USS Mercator NCC-815
The USS Mercator NCC-815 is a Nauvoo-class starship of NATO's Special Fleet. Stationed in Brussels Bunker #1, it belongs to a generation of ships designed for large-scale transport, evacuation, cargo, and medical assistance.
At the beginning of Book I, the Mercator is the ship commanded by Agnes Rodriguez, with Angie Chen as first officer. It first belongs to an underground service routine, before becoming the heart of the Brussels evacuation when the nuclear crisis breaks out.
Ship Registry
Profile
The Mercator is a utility ship before it is a symbol. Its primary mission is not combat, but the ability to move people, equipment, and emergency aid under extreme conditions. That function matches the nature of the Special Fleet: a division able to operate in space and atmosphere, without being designed as an assault force.
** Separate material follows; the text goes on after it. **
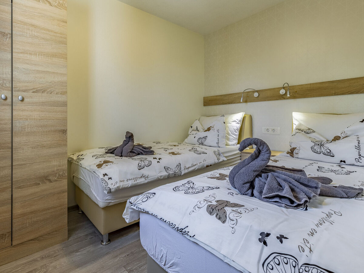 1 chambre avec 2 lits (90 cm, longueur 200 cm).
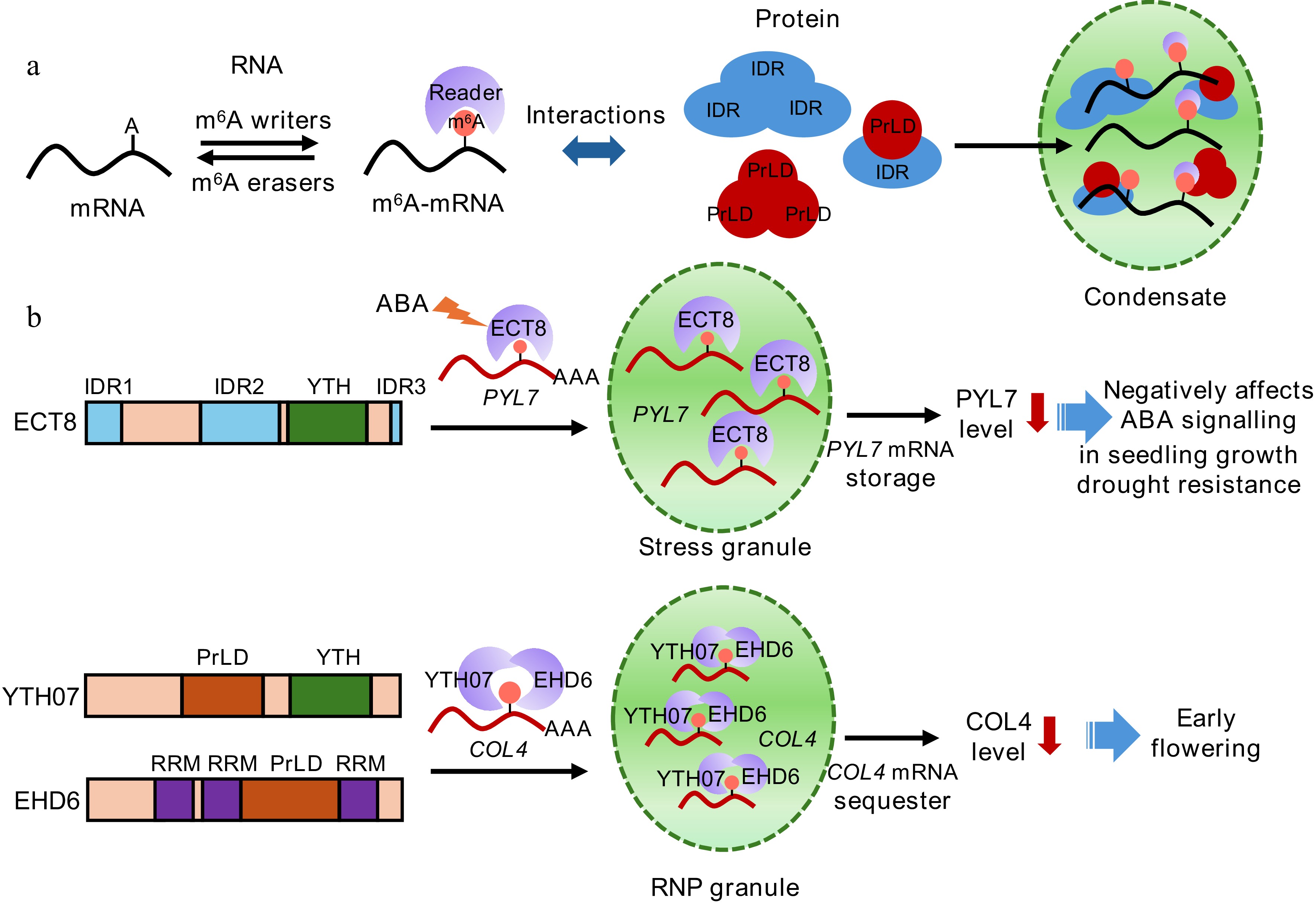 In one study, Wu et al. demonstrated that ABA signalling upregulates the m6A reader ECT8, triggers LLPS to form stress granules (SGs), where ECT8 temporarily sequesters m6A-marked transcripts of PYRABACTIN RESISTANCE 1-LIKE 7 (PYL7), reducing PYL7 mRNA for translation and negatively feedback regulating PYL7 levels and ABA signalling[26]. In another study, Cui et al. demonstrated that YTH07 interacts with Early Heading Date 6 (EHD6) in rice, sequestering the flowering repressor CONSTANS-like 4 (OsCOL4) mRNA into phase-separated condensates, resulting in early flowering[25]. Notably, as an RNA-binding protein (RBP), EHD6 physically interacts with YTH07 to enhance the m6A binding and relocation of YTH07 from the cytoplasm into ribonucleoprotein (RNP) granules through LLPS. This sequesters OsCOL4 mRNA and reduces its protein abundance[25] (Fig. 1).

Its Nauvoo-class silhouette, detachable modules, vast internal volumes, and evacuation role make it a crisis ship. It is not designed to hold a front line, but to save people when a territory becomes unlivable.
At the beginning of Book I, the Mercator is mostly the workplace of Agnes and her crew. When the nuclear crisis erupts, that familiar setting turns into an improvised evacuation center, then into a fragile refuge for the survivors the ship manages to tear away from Brussels.
Manifest of July 15, 2024
- Captain
- Captain Agnes Rodriguez
- First Officer
- Commander Angie Chen
- Operations
- Lieutenant Charlene Savea
- Communications
- Ensign Emilie Flores
- Advanced Weapons
- Ensign Eros Vitos
- Sickbay
- Dr. Victor S. Calpel
- Custodial Technician
- Manu
After Episodes 6 and 7 - Inside the Bunker
Read after Book I - Episode 7.
The Mercator first appears in the shuttle hangar of NATO Bunker #1 in Brussels, alongside the Manneken and the Charlemagne. Agnes and Angie inspect it as a familiar tool, still locked inside a routine of maintenance and preparation.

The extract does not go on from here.